Records from a collection
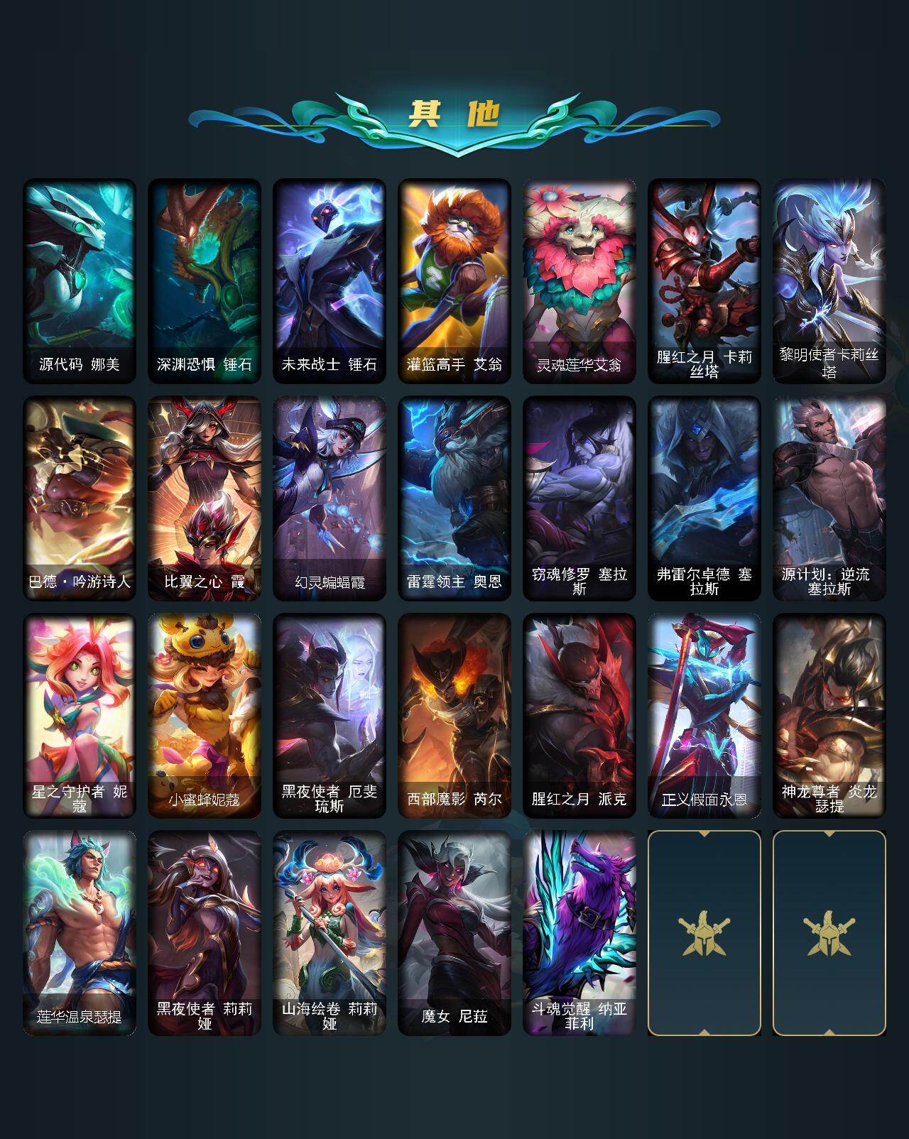 【至臻皮肤】:至臻星之守护者索拉卡,至臻源计划正义艾瑞莉娅,至臻暗星墨菲特,至臻黑夜使者李青,至臻黑夜使者李青(2022),至臻灵能特工伊泽瑞尔,至臻KDA阿卡丽,至臻王国机神玄武盖伦,至臻西部魔影猎天使恶魔泰隆,至臻玉剑
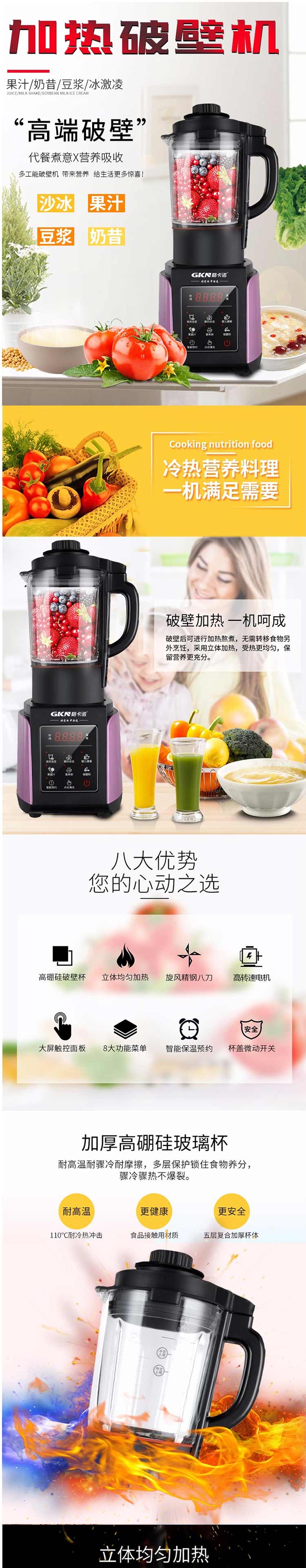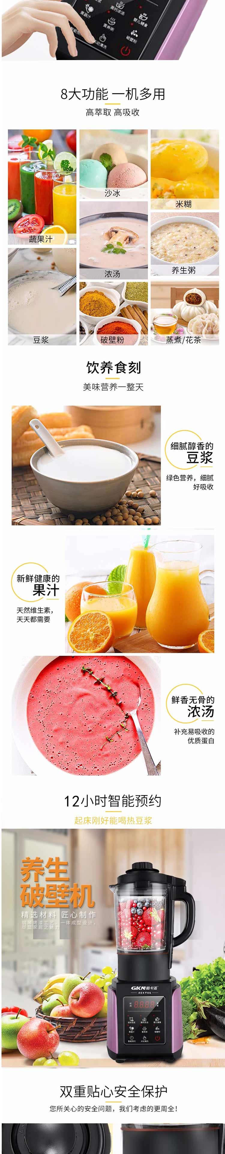 商品名称: 格卡诺 GKN-PBJ-02 1.75L破壁机 智能预约加热多功能料理机 黑、棕(单位:台)
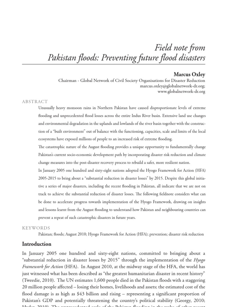 In January 2005 one hundred and sixty-eight nations, committed to bringing about a substantial reduction in disaster losses by 2015 through the implementation of the Hyogo Framework for Action (HFA). In August 2010, at the midway stage of the HFA, the world has just witnessed what has been described as the greatest humanitarian disaster in recent history (Tweedie, 2010). The UN estimates 1,600 people died in the Pakistan floods with a staggering 20 million people affected losing their homes, livelihoods and assets; the estimated cost of the flood damage is as high as $43 billion and rising representing a significant proportion of Pakistans GDP and potentially threatening the countrys political stability (Georgy, 2010; Hyder, 2010). The unprecedented scale of the Pakistan flooding in the wake of other recent
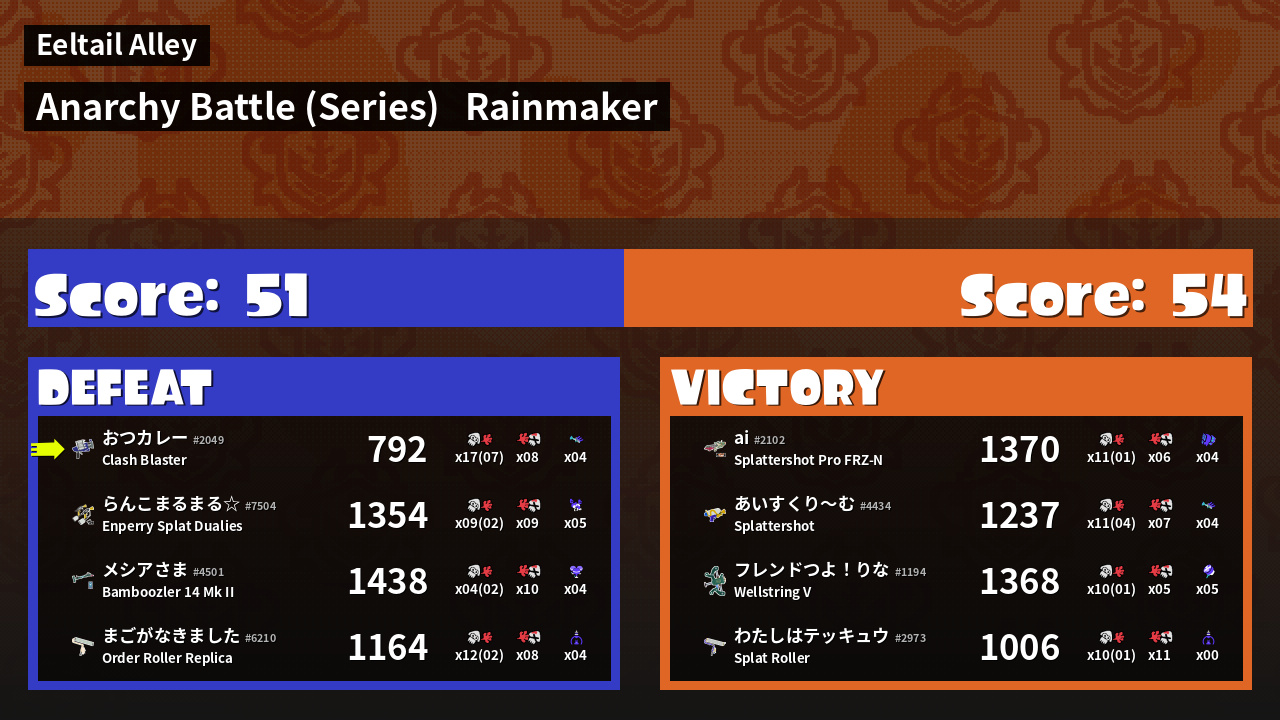 | Mode | Rainmaker - Anarchy Battle (Series) |
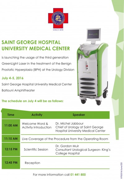 Saint George Hospital University Medical Center is launching the usage of the third generation GreenLight Laser in the treatment of the Benign Prostatic Hyperplasia (BPH) at the Urology Division
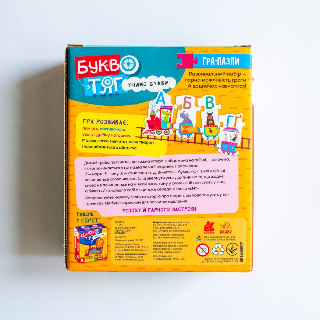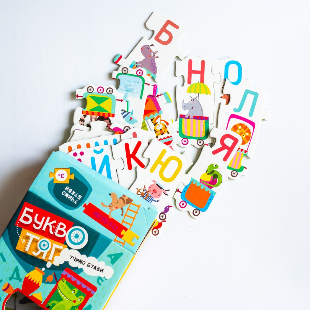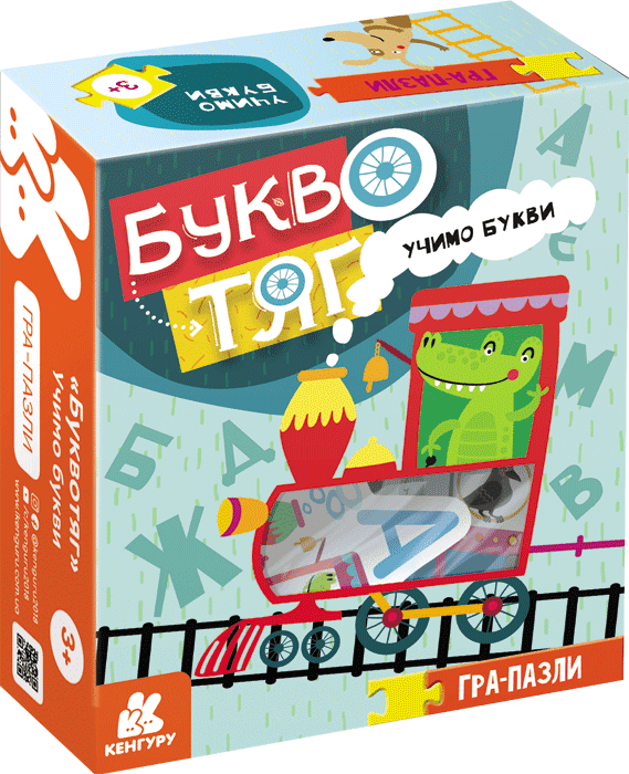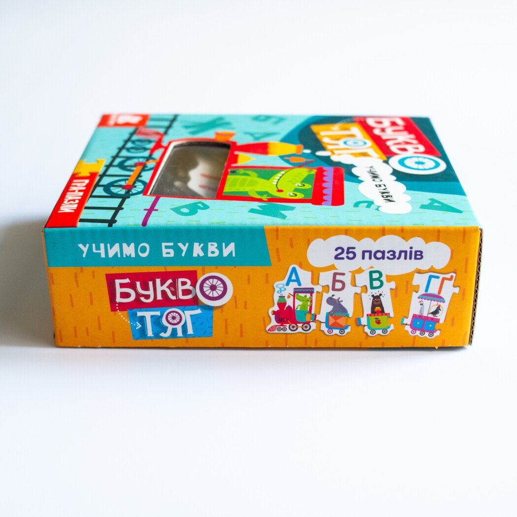 «Буквотяг» — це яскрава навчальна гра-пазл, яка допомагає малюкам зробити перші кроки у світ українських літер. 25 кольорових елементів складаються у веселий потяг, де кожен вагончик має свою букву (або кілька літер) та знайомить дитину з відповідним словом і зображенням.
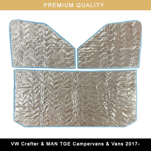 OLPRO’s Internal Thermal Blinds are tailored for the VW Crafter Campervans and Vans. The three piece set covers the front windscreen and the two front cab side windows. They’re easily fitted with suction cups provided. The set is perfect for privacy and will cool the vehicle in hot weather and keep it warm in cold weather. Key features of the VW Crafter and MAN TGE Internal Thermal blinds: 3 Piece Set – 1 Front Windscreen Blind and 2 Side Cab Window Blinds Suction Cups Provided for Fitting Tailored to fit VW Crafter and MAN TGE Campervans and Vans 2017 onwards Keeps the van cool in summer Keeps the van warm in winter Reflective Outer Skin Blue Trim
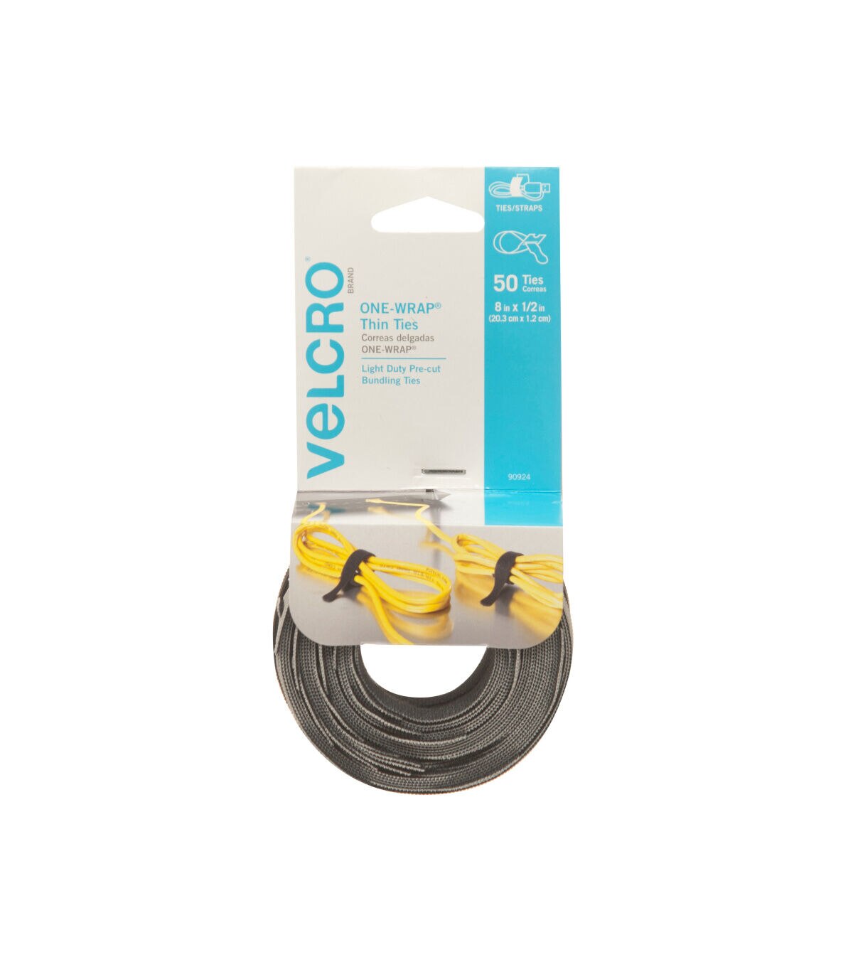 The VELCRO Brand One-wrap Thin Pre-cut Ties - Black & Gray are a low-profile and economical option for fastening wires and organizing cords. These ties are strong, reusable and pre-sized to make appliance and electronic wires and cable management quick and easy. They are designed with a slotted head that ensures the strap stays with the cord so it doesn't get lost.
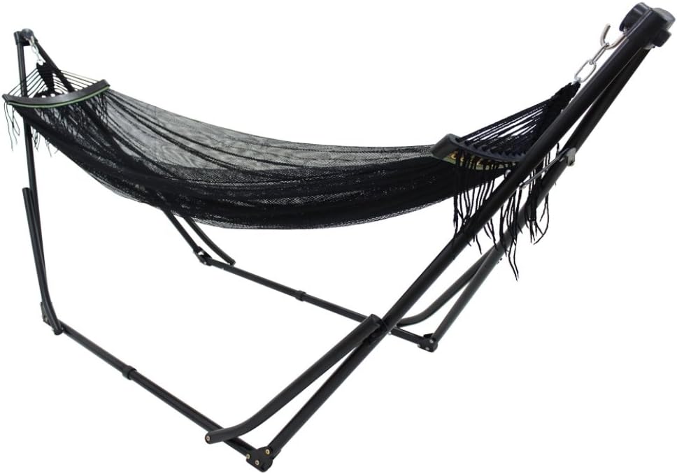 フレームの土台付きのハンモック。ハンモックの設置は木に引っ掛ける作業が慣れていないと面倒なのですが、これなら全くの初心者でも簡単に設営できます。屋外はもちろん、室内でも利用可能。
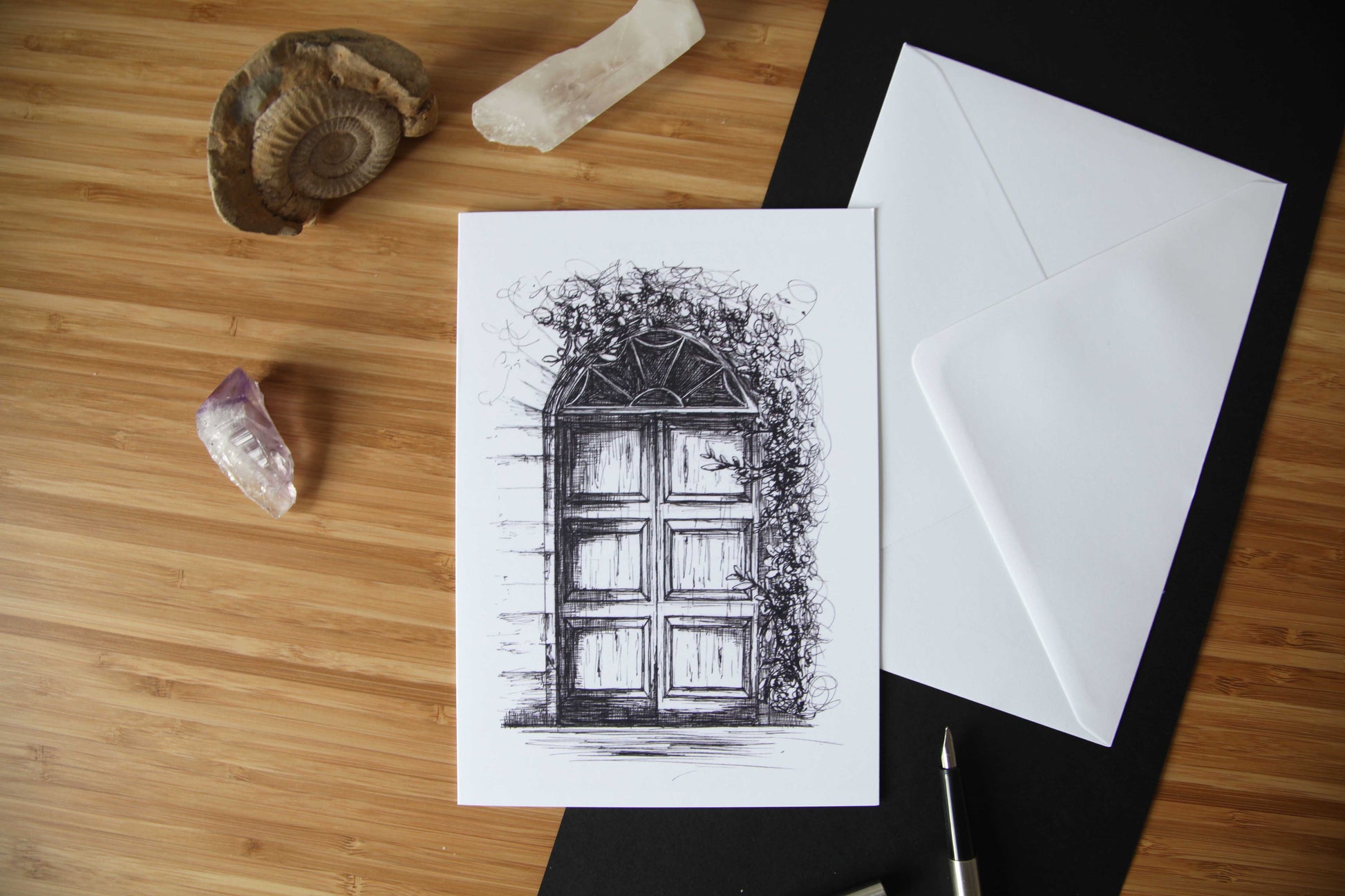 This line drawn art card of an old door will be perfect for that wedding or if you need a bereavement card and want to send your thoughts. This will be a lovely piece to send off. It is one of my more formal/traditional pieces and think it creates that feeling of a new beginning with what could be behind the door.
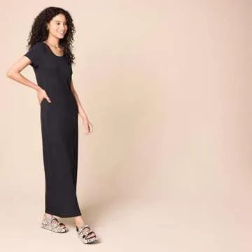 Show moreStep out in style and comfortAmazon Essentials Women's Short-Sleeve Maxi Dress. This versatile piece, available in a sleek black color, is designed with a regular fit that hugs your silhouette just right—providing a close, yet comfortable fit through the chest, waist, and hips. Made from a luxurious rayon stretch jersey, this dress offers a lightweight feel along with a polished finish that drapes beautifully, ensuring you’ll feel fabulous whether you’re running errands or heading out for a night on the town.
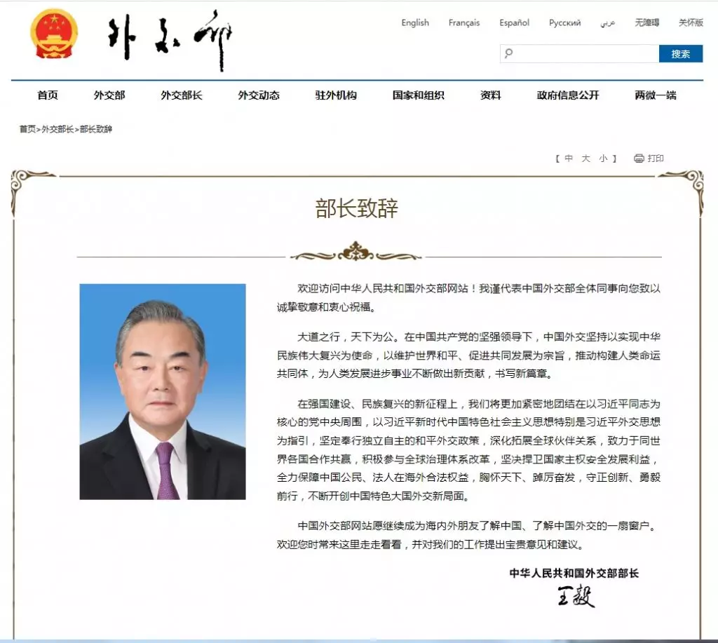 王毅在「部長致辭」一欄中提到,代表中國外交部向到訪網站的人士致以誠摯敬意,又說在中國共產黨的堅強領導下,中國外交堅持以實現中華民族偉大復興為使命,以維護世界和平、促進共同發展為宗旨,推動構建人類命運共同體,為人類發展進步事業不斷做出新貢獻。
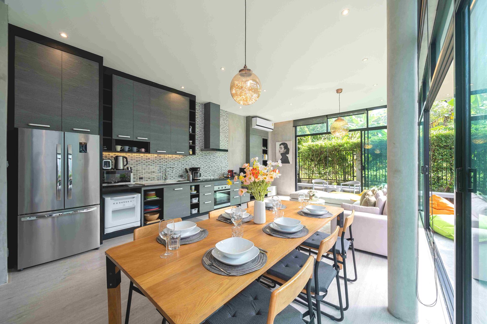 • Fully equipped Western-style kitchen with oven, hob, large fridge-freezer, and dishwasher
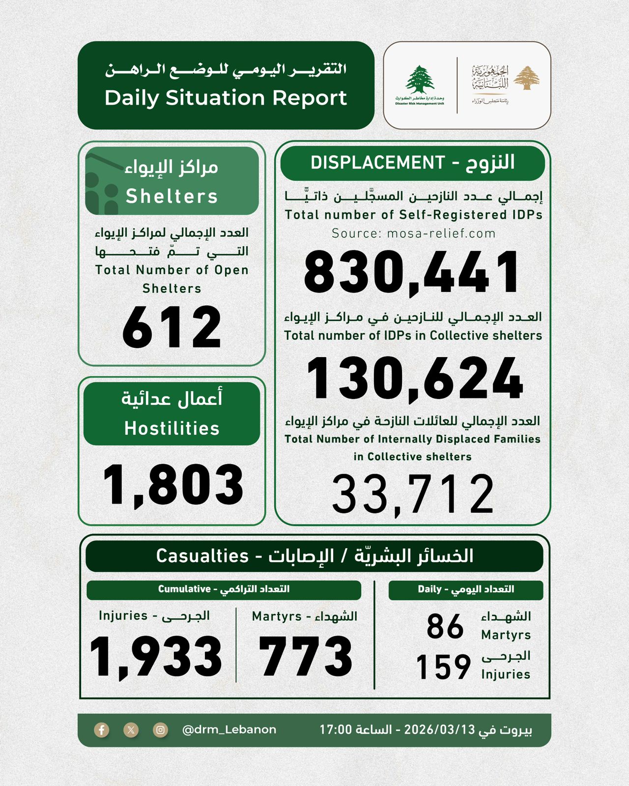 صدر التقرير اليومي للوضع الراهن، عن "وحدة إدارة مخاطر الكوارث" في السراي الكبير، وفي تفاصيله:
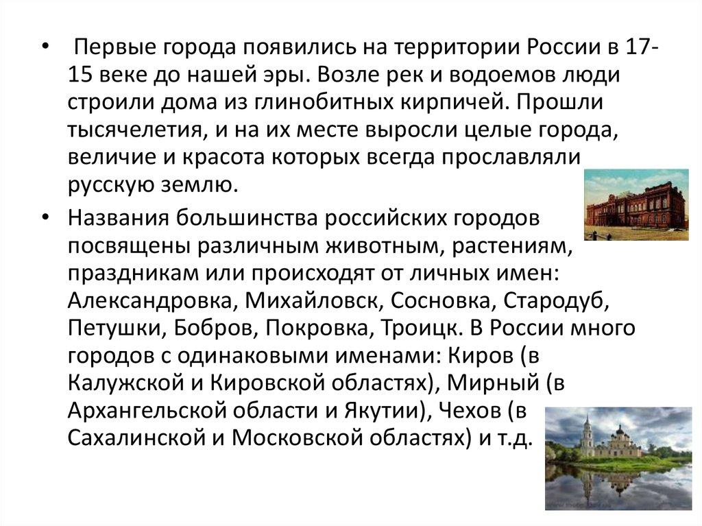 • Первые города появились на территории России в 1715 веке до нашей эры. Возле рек и водоемов людистроили дома из глинобитных кирпичей. Прошли

**WHAT TO DO**
Give again exactly the lines from the one holding "王毅在「部長致辭」一欄中提到" to the final line of the records, both ends included; any pictures stay out.

**ANSWER FOR THE TASK**
 王毅在「部長致辭」一欄中提到,代表中國外交部向到訪網站的人士致以誠摯敬意,又說在中國共產黨的堅強領導下,中國外交堅持以實現中華民族偉大復興為使命,以維護世界和平、促進共同發展為宗旨,推動構建人類命運共同體,為人類發展進步事業不斷做出新貢獻。
 • Fully equipped Western-style kitchen with oven, hob, large fridge-freezer, and dishwasher
 صدر التقرير اليومي للوضع الراهن، عن "وحدة إدارة مخاطر الكوارث" في السراي الكبير، وفي تفاصيله:
 • Первые города появились на территории России в 1715 веке до нашей эры. Возле рек и водоемов людистроили дома из глинобитных кирпичей. Прошли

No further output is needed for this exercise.